__Problem details__. All pictures are to be omitted while the lines starting at the line with "La vuelta de" and ending at the line with "C’est dans cet" in the material below are retyped exactly, both ends included.

__Provided records__.

__________________________________________________

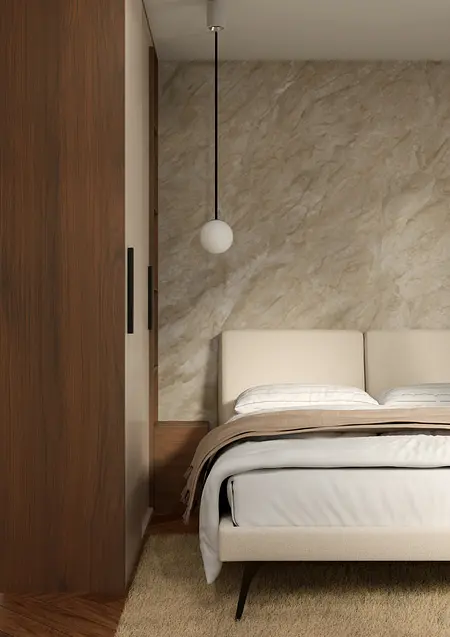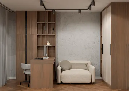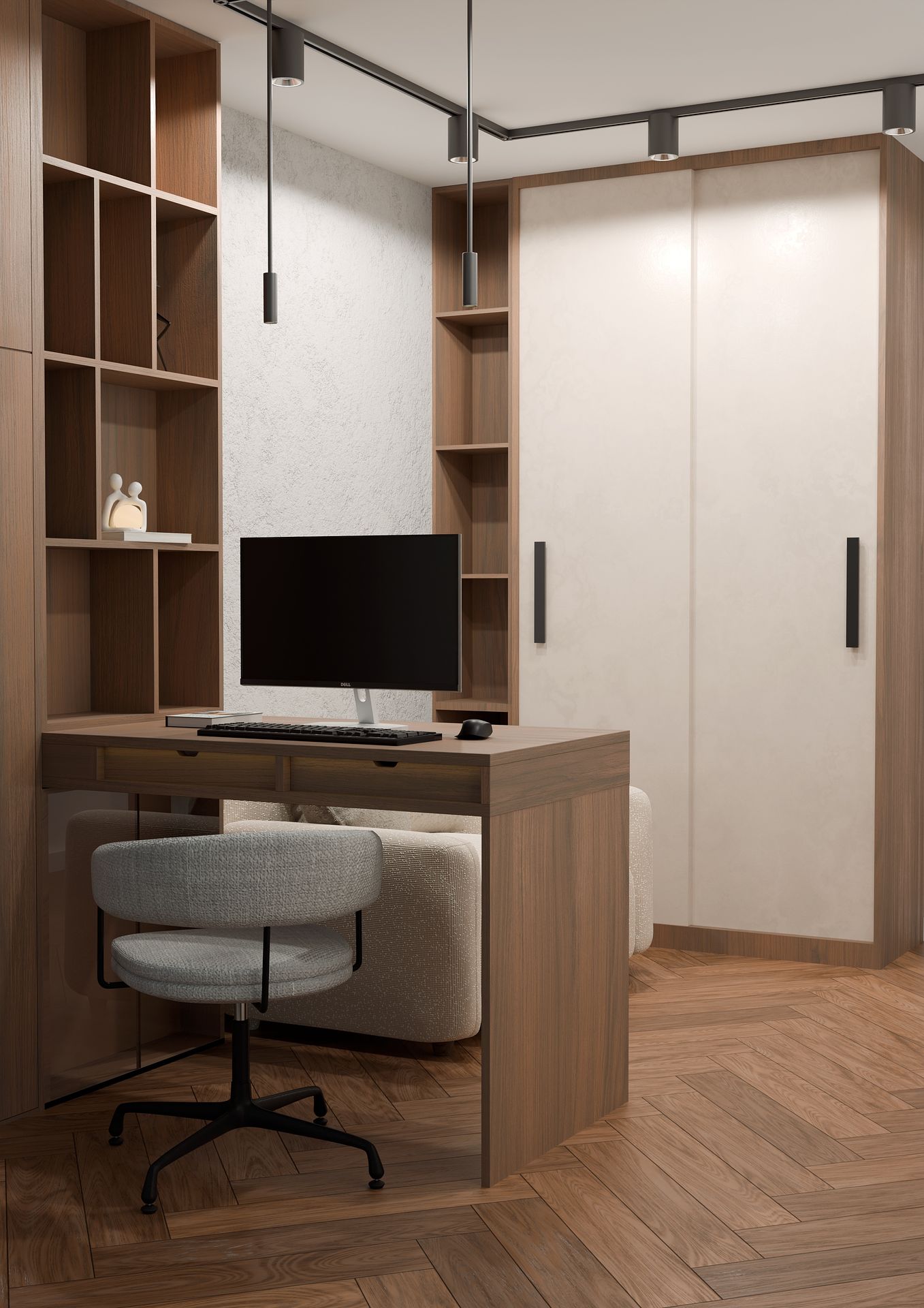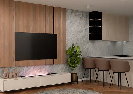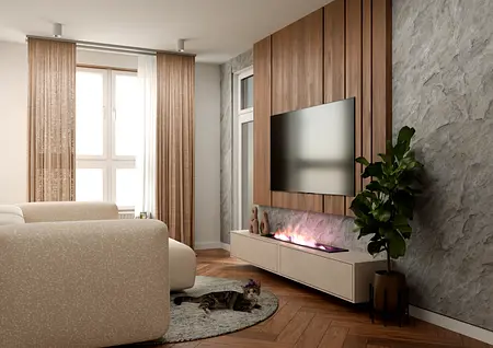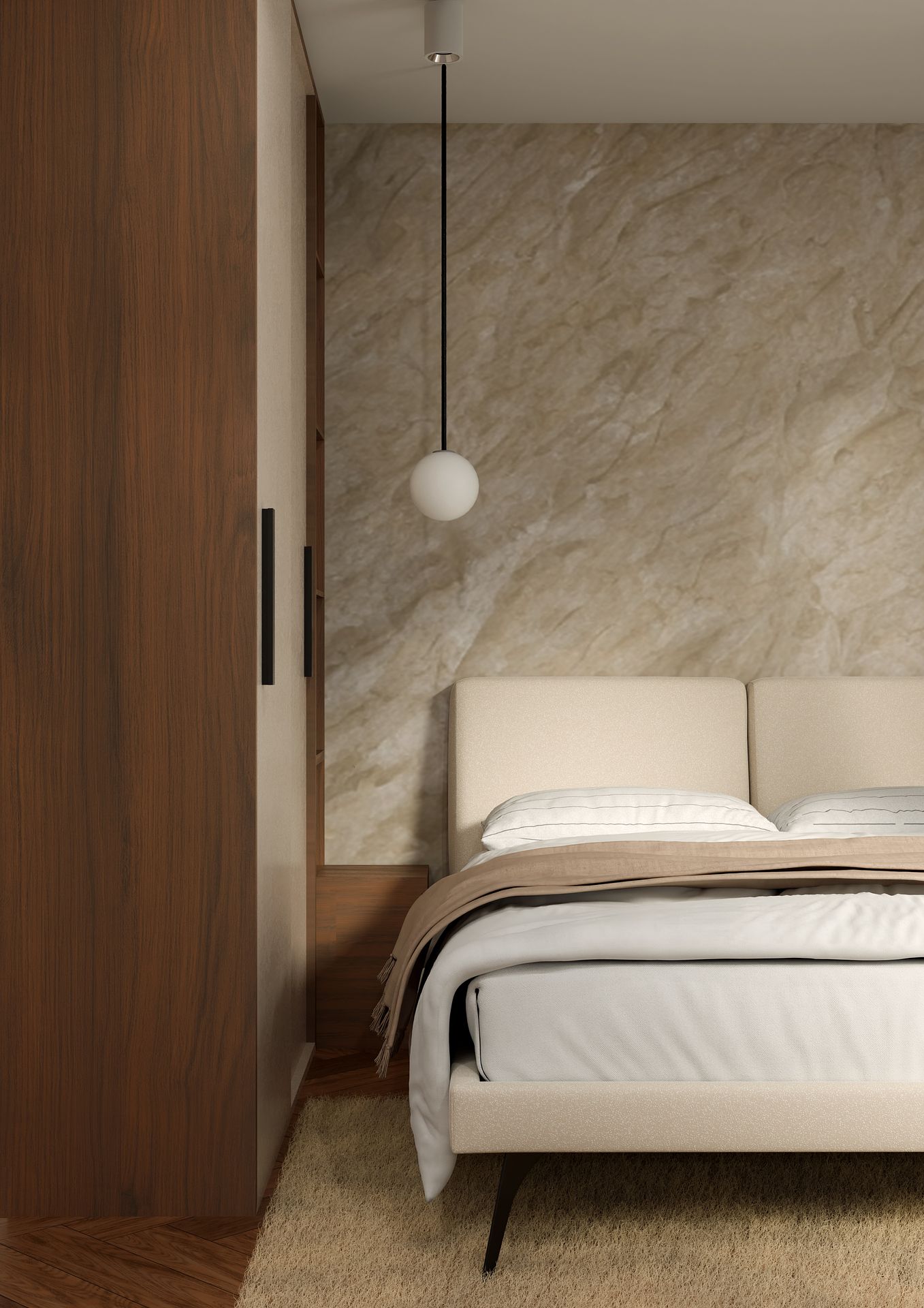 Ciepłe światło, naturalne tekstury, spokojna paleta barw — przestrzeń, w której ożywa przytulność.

__________________________________________________

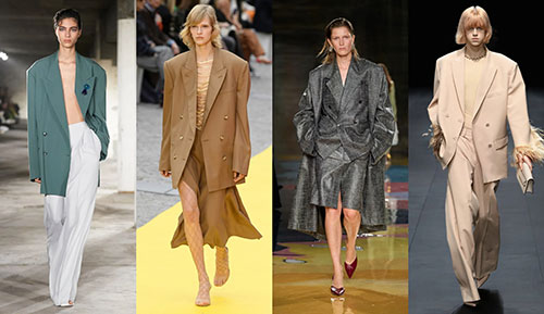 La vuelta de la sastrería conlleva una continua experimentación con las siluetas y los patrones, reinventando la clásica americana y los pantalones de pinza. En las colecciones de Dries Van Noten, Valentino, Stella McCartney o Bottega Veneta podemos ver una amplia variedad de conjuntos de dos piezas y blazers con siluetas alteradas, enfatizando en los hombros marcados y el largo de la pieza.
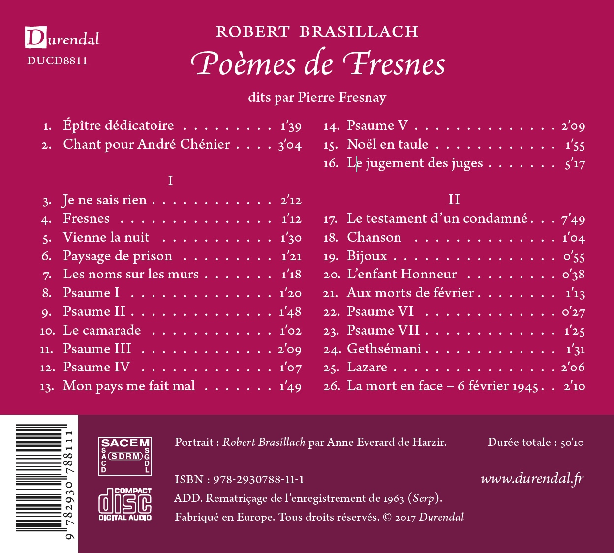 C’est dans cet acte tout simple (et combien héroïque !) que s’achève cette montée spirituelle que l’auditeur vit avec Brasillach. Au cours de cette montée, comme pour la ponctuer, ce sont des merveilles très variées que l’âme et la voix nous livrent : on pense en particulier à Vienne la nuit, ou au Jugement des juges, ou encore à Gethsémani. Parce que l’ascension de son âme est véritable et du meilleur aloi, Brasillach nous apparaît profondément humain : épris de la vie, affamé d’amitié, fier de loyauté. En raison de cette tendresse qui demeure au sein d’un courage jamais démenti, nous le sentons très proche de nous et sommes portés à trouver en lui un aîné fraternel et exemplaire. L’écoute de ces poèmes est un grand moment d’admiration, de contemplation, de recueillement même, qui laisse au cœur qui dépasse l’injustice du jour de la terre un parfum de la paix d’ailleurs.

__________________________________________________

__Result for this exercise__.
 La vuelta de la sastrería conlleva una continua experimentación con las siluetas y los patrones, reinventando la clásica americana y los pantalones de pinza. En las colecciones de Dries Van Noten, Valentino, Stella McCartney o Bottega Veneta podemos ver una amplia variedad de conjuntos de dos piezas y blazers con siluetas alteradas, enfatizando en los hombros marcados y el largo de la pieza.
 C’est dans cet acte tout simple (et combien héroïque !) que s’achève cette montée spirituelle que l’auditeur vit avec Brasillach. Au cours de cette montée, comme pour la ponctuer, ce sont des merveilles très variées que l’âme et la voix nous livrent : on pense en particulier à Vienne la nuit, ou au Jugement des juges, ou encore à Gethsémani. Parce que l’ascension de son âme est véritable et du meilleur aloi, Brasillach nous apparaît profondément humain : épris de la vie, affamé d’amitié, fier de loyauté. En raison de cette tendresse qui demeure au sein d’un courage jamais démenti, nous le sentons très proche de nous et sommes portés à trouver en lui un aîné fraternel et exemplaire. L’écoute de ces poèmes est un grand moment d’admiration, de contemplation, de recueillement même, qui laisse au cœur qui dépasse l’injustice du jour de la terre un parfum de la paix d’ailleurs.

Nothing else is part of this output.